Industrial commitment

A key pillar of the Australian Government cyber policy is the promotion of intelligence sharing across the public and private sector.

This requires industrial context to make sense of the daily waterfall of threat data. By applying cognitive intelligence to threat data, security analysts have a powerful context to detect and interpret even the subtlest change in activity.

These very same systems are now applying tremendous computer power – and intelligence – to rapidly give CIOs options to mitigate threats. IBM research reveals reducing average incident response and resolution time remains the top cyber security challenge for enterprise CIOs.

The 2017 Ponemon Cost of Data Breach Study for Australia found organisations were slowly bringing down response time, but that the number of days to identify the data breach was still an alarming 191 and the average days to contain the data breach, 66.

When demarcation evaporates

Detection and escalation must encompass global and seasoned expertise. It requires major investment in forensic and investigative activities, assessment and audit services, crisis team management and communications to senior agency executives and ministers.

Robust information governance and risk management programs are critical to effective management of infiltration attacks.

It’s certainly no cakewalk for CIOs and CISOs.

At a time of major fiscal pressures, technology leaders are looking for new ways to justify the cost of cybersecurity investments and demonstrate value – the challenge is attributing value to what was prevented as opposed to what was lost.

The view that security is simply an insurance policy or a cost of doing business must be dispelled. Reports back to IBM suggest the top two factors used to justify investments include clear communication of the current risk exposure in the organisation and getting the support from finance, risk management, operations and other key executives. This needs to be communicated in a language easily understood by non-technical executives.

Cyber defence in this day is very much a mix of modern technology, access to expertise, and partnerships with critical support institutions, locally and around the globe.

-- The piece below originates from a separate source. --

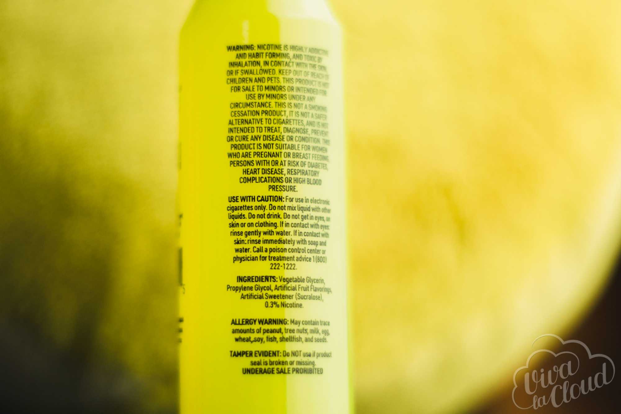 Жидкость приезжает в пластиковых «патронах» объемом 60 миллилитров. Вкусы отличаются друг от друга цветом. Крышки — с защитой от детей и контролем первого вскрытия. На лицевой стороне изображаются логотип линейки, названия и указания на объем, баланс и крепость никотина. Правее можно найти предупреждения, юридические данные и штрихкод. На противоположной стороне — стандартные для зарубежные производителей информационные блоки и состав. На флаконе присутствует наклейка с QR-кодом, пройдя по которому можно принять участие в розыгрыше от производителя.

At a time of critical shortage of cyber skills, the key is working with partners with proven depth and international reach. Cyber today is very much a multi-vendor game, so finding partners that work in an open and collaborative fashion is also important. This is especially so as the world moves toward more sharing of threat intelligence and the emergence of major threat sharing platforms.

Mandate from the top

In Australia, the Prime Minister has established the Home Affairs portfolio to provide coordinated strategy and policy leadership as a direct response to this increasingly complex and challenging security environment.

This has seen the Prime Minister’s former cyber adviser, Alastair MacGibbon, become the National Cyber Co-ordinator in the new Home Affairs Department.

The new agency is expected to drive a strong unified approach to cyber and represents a major consolidation of federal government cyber agencies and expertise.

For government CIOs, federal, state or local, this resets the landscape and implies a far more sophisticated nationally-driven response to cyber attacks.

At the highest level, the message is clear: the cyber threat is very real and the public sector needs to be much better prepared and coordinated.

This includes agency resilience strategies that are robust and backed by the right mix of threat intelligence and mitigation technologies and expertise. As agencies move through the next phase of digital development and maturity, the need for a robust security platform is only going to intensify.